Cookbook editor and foodie journalist Lizzie Gore-Grimes on how she makes it work

Sive O'Brien

After spending four years working in London for Condé Nast Publications Lizzie moved back to Ireland to indulge a dream held since college – to do the 12-week Ballymaloe course. After which her new life as a food writer took off. She went on to edit a number of Irish foodie and non-foodie magazines. These days, she edits cookbooks, develops recipes for clients and is currently chair of the Irish Food Writers’ Guild and Food Editor of Image Interiors & Living magazine. Oh, and she has three gorgeous kids.

Journalist Lizzie Gore Grimes. Photo: Clodagh Kilcoyne 0877145128

We get up at… 7am, wake the kids and down for breakfast. As they gobble Weetabix, I make the lunches (I know I could do this the night before but I’m never quite that organised). Get everyone dressed at about 7.30am and then it’s a boiled egg or bowl of porridge for me and into the shower. We leave the house at 8.20am. We scoot on mornings when I’m just working from my desk at home, but we drive if I have meetings or am working elsewhere.

Once the three kids are in school… I return to my desk to work until 2pm before going to collect them. Three days a week I have a childminder to help me, so I try and plan meetings for those days. But I still do the school collection if I can. I try not to work on a Friday – that’s when I get to do stuff for myself in the morning and arrange playdates in the afternoon.

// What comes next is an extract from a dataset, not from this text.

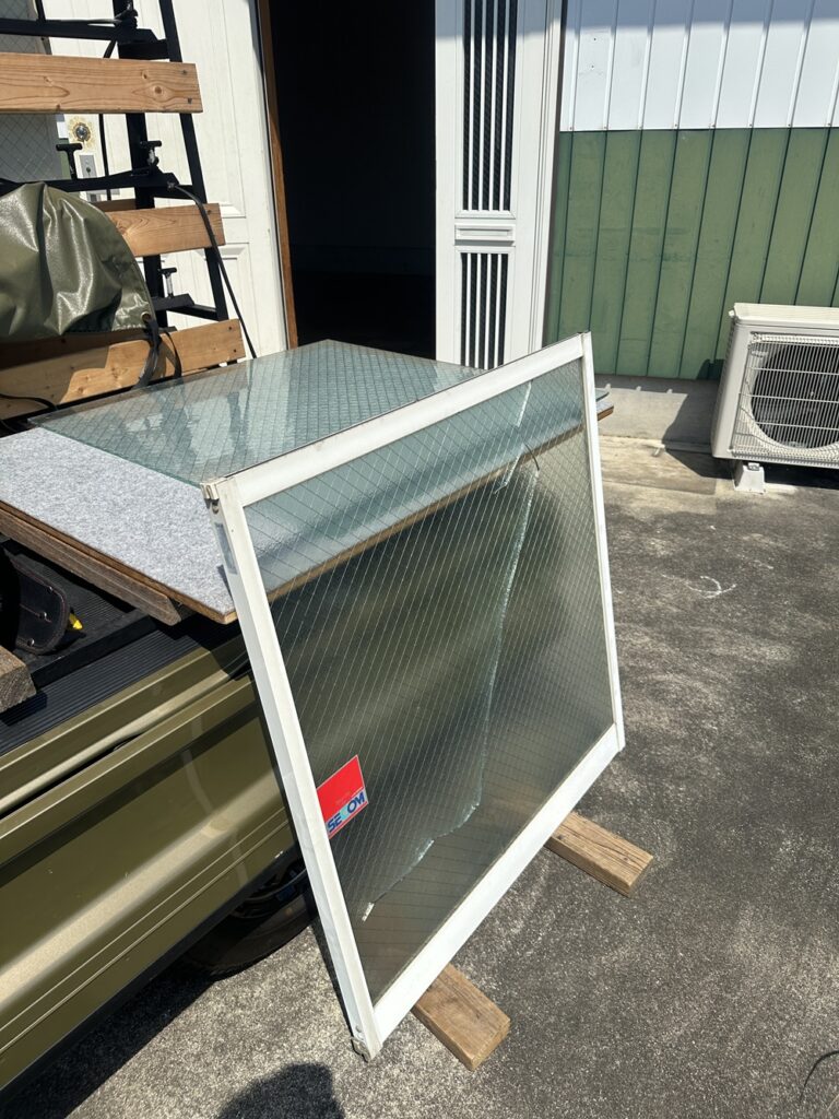 引違い窓ガラス修理 2025年7月31日 最終更新日時 : 2025年11月23日 garasu110 修理・施工事例のカテゴリーガラス修理 名古屋市緑区網入り6.8ミリ現地にてガラス切断修理 施工前 施工後

The best thing about being a parent is… checking on them when they’re asleep (and they look so angelic it nearly cracks your heart in two); my three-year-old’s squidgy little feet; imagining what they will be like as adults; overhearing earnest conversations between my two boys, 6 and 8, in the back of the car (the last one was about the merits of the name ‘God’ for their newly-born cousin).

The main differences being a mum is… the fact that getting to sit with a cup of coffee and the papers, or your book, for an undisturbed hour, is just about the most luxurious thing I can think of.

My favourite thing to do with the kids is… when all five of us are piled into our big bed on a Sunday morning, and we have nowhere we have to rush to. Sunday is our only true switch-off day as my husband works all day Saturday, and the boys have a range of sport stuff on.

The best piece of advice I’ve ever received is… whatever tricky parenting phase you’re battling with at the moment (hit-and-miss potty training; temper tantrums; teenage surliness) it will almost surely pass. Know that there is an end in sight and try not to lose your mind.

My favourite book to read the kids is… The Tiger Who Came To Tea, Room on The Broom and David Walliams’ Gangsta Granny are all firm favourites.

Being a parent can… make you feel terribly strong at times, when you have that moment when you look at one of them and realise that no matter what else is going on – or going wrong – in my life as long as I have them I’m ok. And then it can make you feel so vulnerable and exposed for the very same reason.

The nuggets of wisdom I’d like to pass on to my kids would be… to learn to cook, have good manners, be considerate to others, listen, laugh regularly, never lose touch with the handful of friends that really count, be nice to your mum…

I’m not sure that I make all the juggling work. But I did go back into an office job three-days a week and soon realised that the flexibility I had before worked better for me and my family. It means I am often taking my laptop with me to swimming lessons and have to return to my desk when they have gone to bed to meet a deadline. But the flexibility suits me, and I like to be there for all the school stuff.

I couldn’t do it all without my team … my mum, Judith, is a total life-saver; she only lives five minutes away and helps a lot with school runs. And we’ve had the same childminder, Delia since my eldest was born. So I’ve great support.

My greatest indulgence is… when I’ve had my hair blow-dried. I feel like a new woman.

I spend my down-time… in the bath at 9pm with a glass of wine.

The best thing to do as a family at the weekend is… escape the city. I love going to Wicklow for a big walk, followed by a pub lunch, then back home to crash out. We don’t get to do it much, but it’s so nice.